## Dataset extract
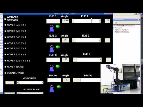 servo controllers phidget.mp4 - Phidgets Servo Controller - control de un robot didactico con tarjeta phidget y una HMI con programacion en visual basic via USB.
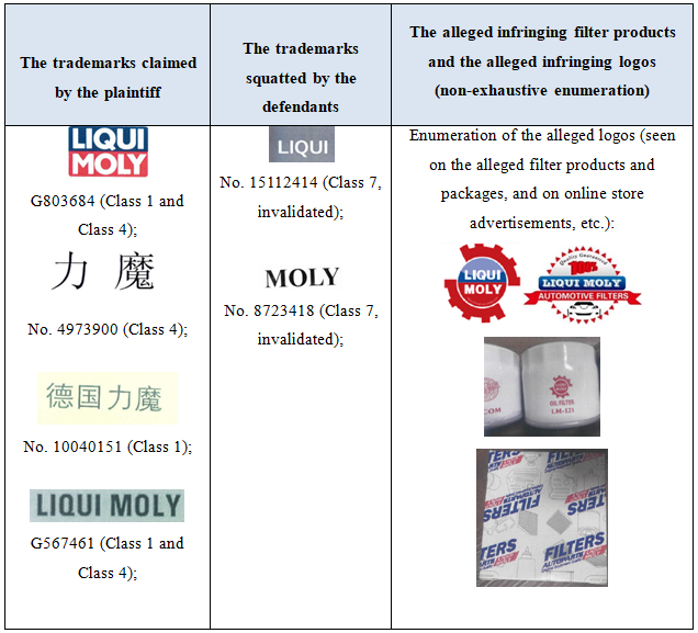 HE X-peng, the son of LIN X-xiang, incorporated Zhejiang XX Limo Automobile Parts Co., Ltd. (a sole proprietorship of natural person) on August 24, 2018, of which HE X-peng acted as the legal representative, executive director, manager, and actual controller. The foregoing company was engaged in the production, sales, and export of the alleged infringing filter products, which products were sold in both online (such as 1688 stores) and offline forms and exported to Kazakhstan and other countries and regions. Meanwhile, the company committed acts of false publicity, such as "German brand" and "German quality", to attach itself to the goodwill of LIQUI MOLY, and was the entity directly using the alleged infringing logos in the present case. In January 2022, following a complaint from the plaintiff, Zhejiang XX Limo Automobile Parts Co., Ltd. was administratively penalized by the Jinhua Market Supervision and Administration Bureau for infringing upon the exclusive rights of Liqui-Moly Gesellschaft Mit Bescherankter Hfatung in the authorized trademarks and goods involved in the case. The plaintiff concurrently filed a civil lawsuit with the Jinhua Intermediate People's Court to seek remedy against the defendant group's acts of online and offline infringement and unfair competition.
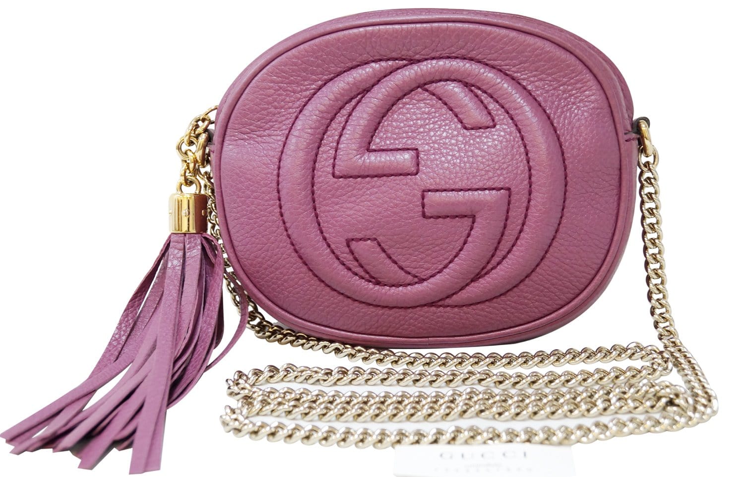 GUCCI Purple Leather Soho Disco Mini Chain Crossbody Bag

## Work required
The data above must be reproduced exactly, without any of its pictures.

## Written response
 servo controllers phidget.mp4 - Phidgets Servo Controller - control de un robot didactico con tarjeta phidget y una HMI con programacion en visual basic via USB.
 HE X-peng, the son of LIN X-xiang, incorporated Zhejiang XX Limo Automobile Parts Co., Ltd. (a sole proprietorship of natural person) on August 24, 2018, of which HE X-peng acted as the legal representative, executive director, manager, and actual controller. The foregoing company was engaged in the production, sales, and export of the alleged infringing filter products, which products were sold in both online (such as 1688 stores) and offline forms and exported to Kazakhstan and other countries and regions. Meanwhile, the company committed acts of false publicity, such as "German brand" and "German quality", to attach itself to the goodwill of LIQUI MOLY, and was the entity directly using the alleged infringing logos in the present case. In January 2022, following a complaint from the plaintiff, Zhejiang XX Limo Automobile Parts Co., Ltd. was administratively penalized by the Jinhua Market Supervision and Administration Bureau for infringing upon the exclusive rights of Liqui-Moly Gesellschaft Mit Bescherankter Hfatung in the authorized trademarks and goods involved in the case. The plaintiff concurrently filed a civil lawsuit with the Jinhua Intermediate People's Court to seek remedy against the defendant group's acts of online and offline infringement and unfair competition.
 GUCCI Purple Leather Soho Disco Mini Chain Crossbody Bag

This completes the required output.